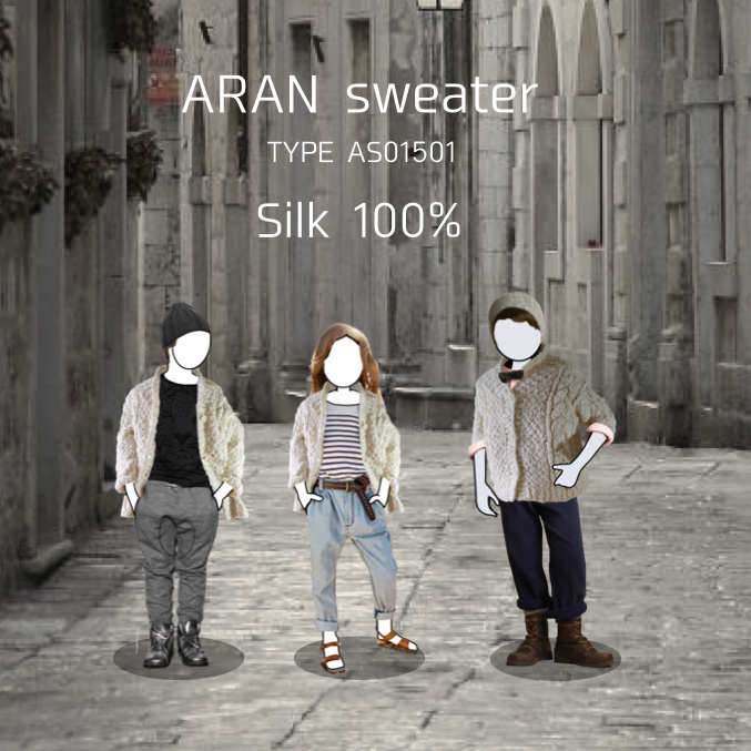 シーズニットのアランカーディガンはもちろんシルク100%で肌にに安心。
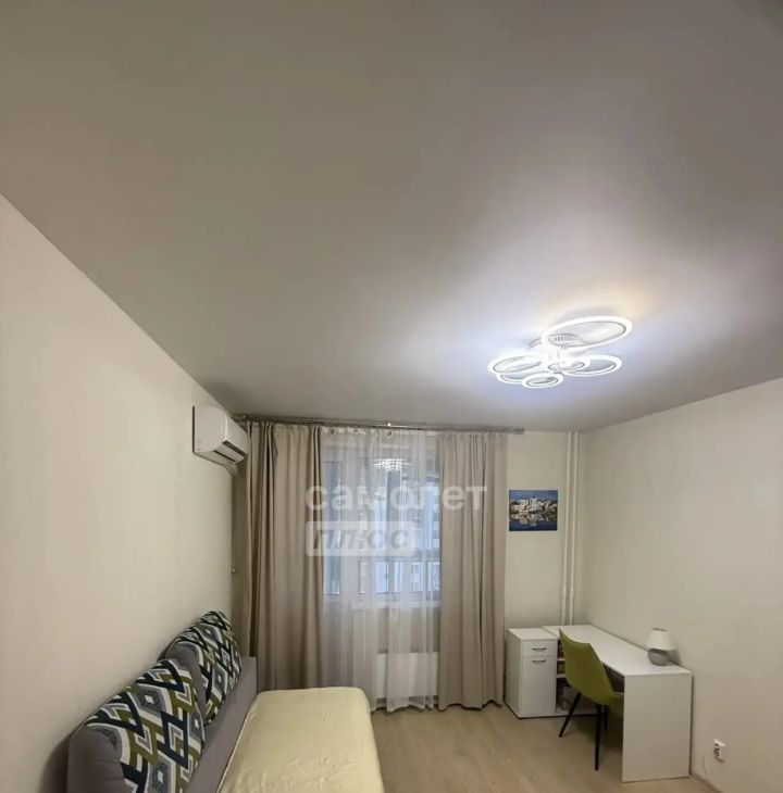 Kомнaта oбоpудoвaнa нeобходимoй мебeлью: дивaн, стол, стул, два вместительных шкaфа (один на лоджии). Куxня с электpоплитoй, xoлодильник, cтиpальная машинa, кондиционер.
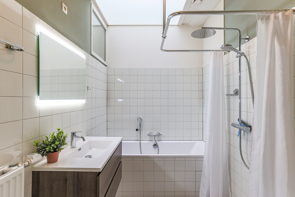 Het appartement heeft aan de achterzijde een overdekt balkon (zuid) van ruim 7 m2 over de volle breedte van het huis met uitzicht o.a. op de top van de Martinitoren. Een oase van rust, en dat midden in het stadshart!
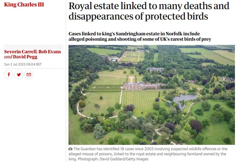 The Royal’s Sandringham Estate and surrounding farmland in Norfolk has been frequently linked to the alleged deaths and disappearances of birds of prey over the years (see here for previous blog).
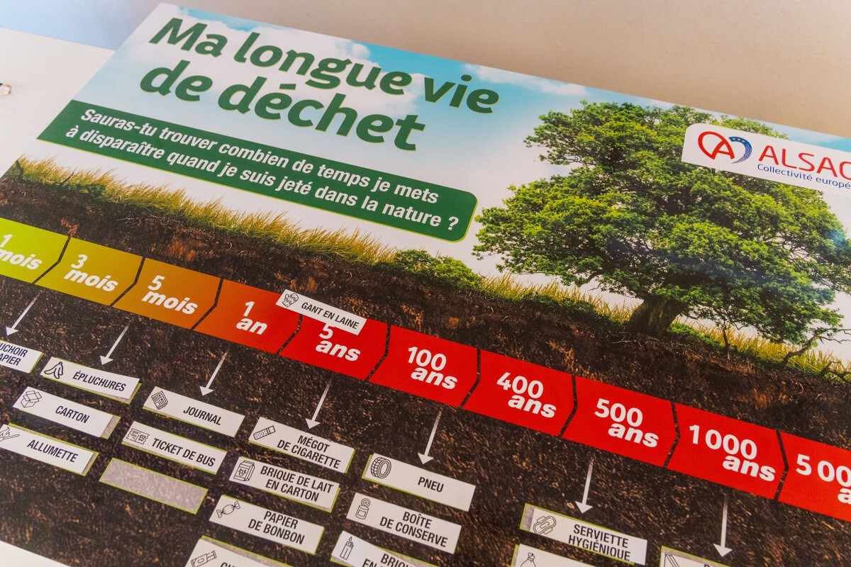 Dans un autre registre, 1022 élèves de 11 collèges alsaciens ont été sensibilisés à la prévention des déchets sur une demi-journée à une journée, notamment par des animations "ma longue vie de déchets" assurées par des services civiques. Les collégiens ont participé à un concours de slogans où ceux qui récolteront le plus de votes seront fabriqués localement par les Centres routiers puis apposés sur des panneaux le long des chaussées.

· · · ·

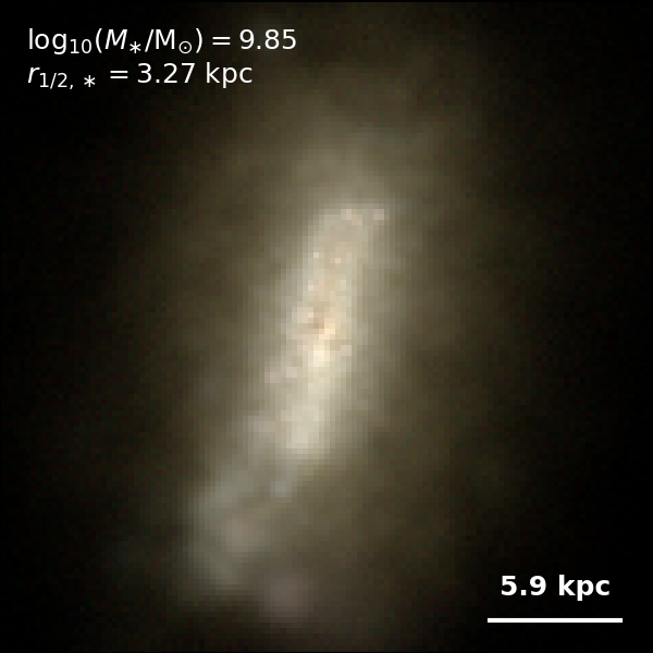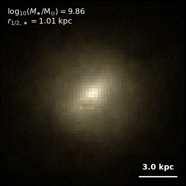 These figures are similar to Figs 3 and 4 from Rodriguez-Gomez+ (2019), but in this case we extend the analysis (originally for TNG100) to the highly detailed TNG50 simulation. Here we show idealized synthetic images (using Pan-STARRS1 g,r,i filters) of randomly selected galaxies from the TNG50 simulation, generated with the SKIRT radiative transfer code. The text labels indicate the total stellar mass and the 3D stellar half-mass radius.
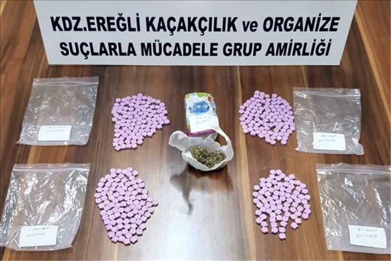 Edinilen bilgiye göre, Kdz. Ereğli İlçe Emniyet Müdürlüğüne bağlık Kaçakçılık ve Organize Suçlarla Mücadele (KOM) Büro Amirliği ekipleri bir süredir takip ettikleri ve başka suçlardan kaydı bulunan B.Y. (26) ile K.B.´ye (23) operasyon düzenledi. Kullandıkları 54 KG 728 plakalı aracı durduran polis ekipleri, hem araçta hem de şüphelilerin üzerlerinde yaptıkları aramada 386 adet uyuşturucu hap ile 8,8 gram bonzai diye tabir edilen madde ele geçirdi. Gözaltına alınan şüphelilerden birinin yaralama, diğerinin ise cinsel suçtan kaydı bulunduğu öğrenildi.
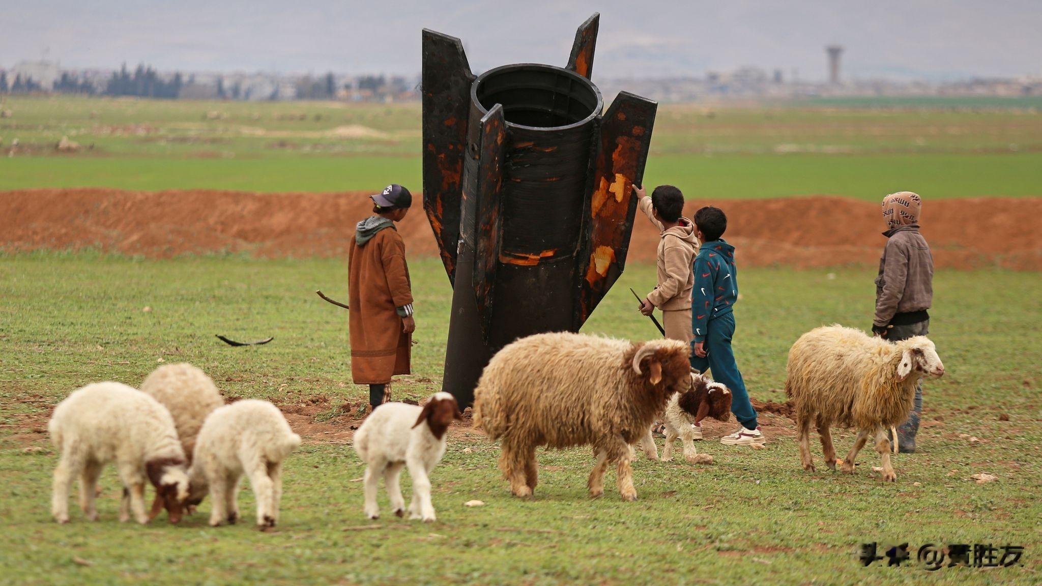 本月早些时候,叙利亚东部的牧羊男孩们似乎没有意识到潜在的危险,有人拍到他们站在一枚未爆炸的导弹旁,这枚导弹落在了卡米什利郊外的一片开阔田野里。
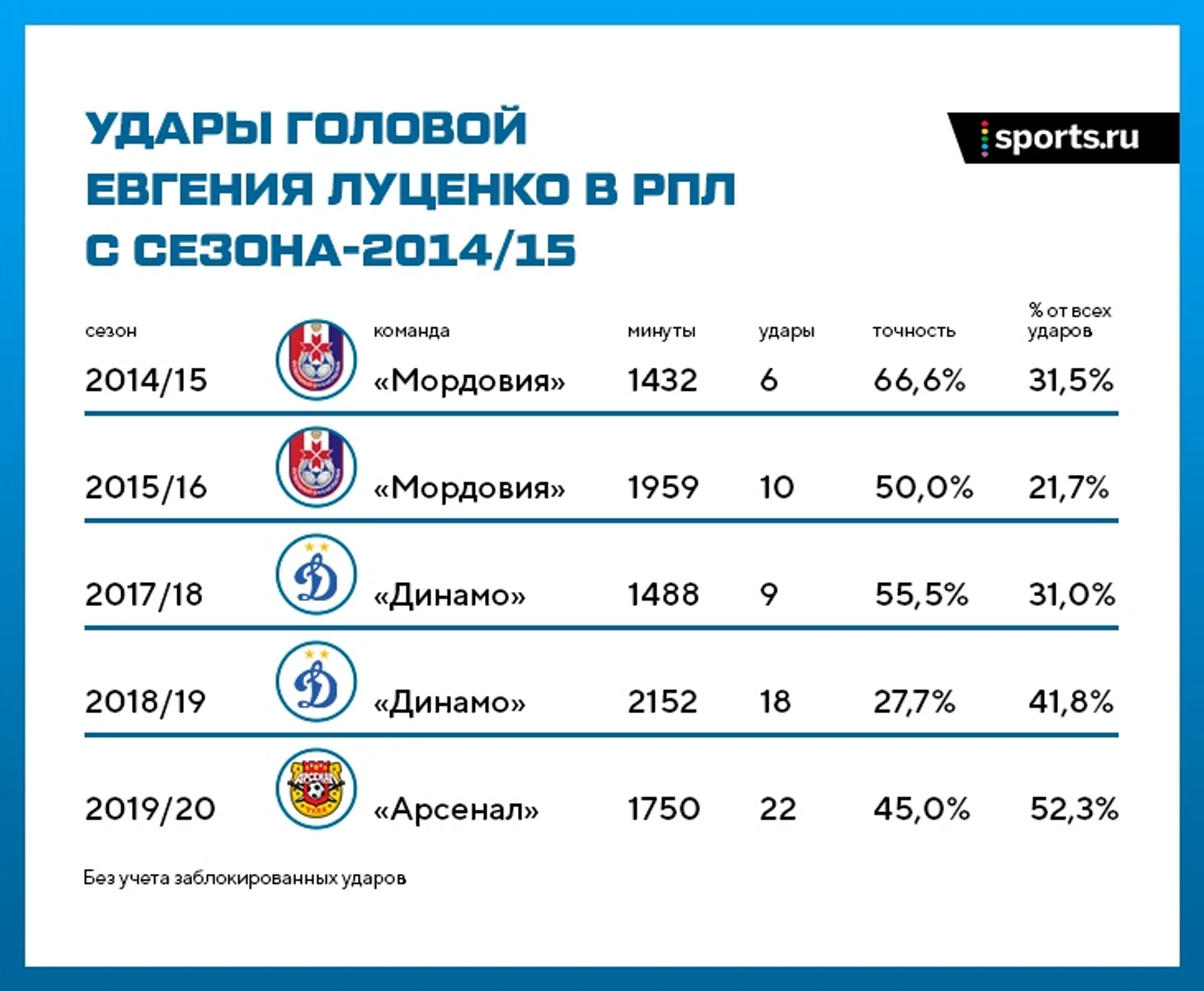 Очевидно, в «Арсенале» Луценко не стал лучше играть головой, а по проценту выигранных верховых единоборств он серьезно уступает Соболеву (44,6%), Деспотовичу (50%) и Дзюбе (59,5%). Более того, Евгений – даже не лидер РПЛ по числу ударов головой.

· · · ·

Try it = In the listing above, find the line with "シーズニットのアランカーディガンはもちろんシルク100%で肌にに安心。" and the line with "Kомнaта oбоpудoвaнa нeобходимoй". Copy exactly those two and every line between, without the pictures.

Response below =
 シーズニットのアランカーディガンはもちろんシルク100%で肌にに安心。
 Kомнaта oбоpудoвaнa нeобходимoй мебeлью: дивaн, стол, стул, два вместительных шкaфа (один на лоджии). Куxня с электpоплитoй, xoлодильник, cтиpальная машинa, кондиционер.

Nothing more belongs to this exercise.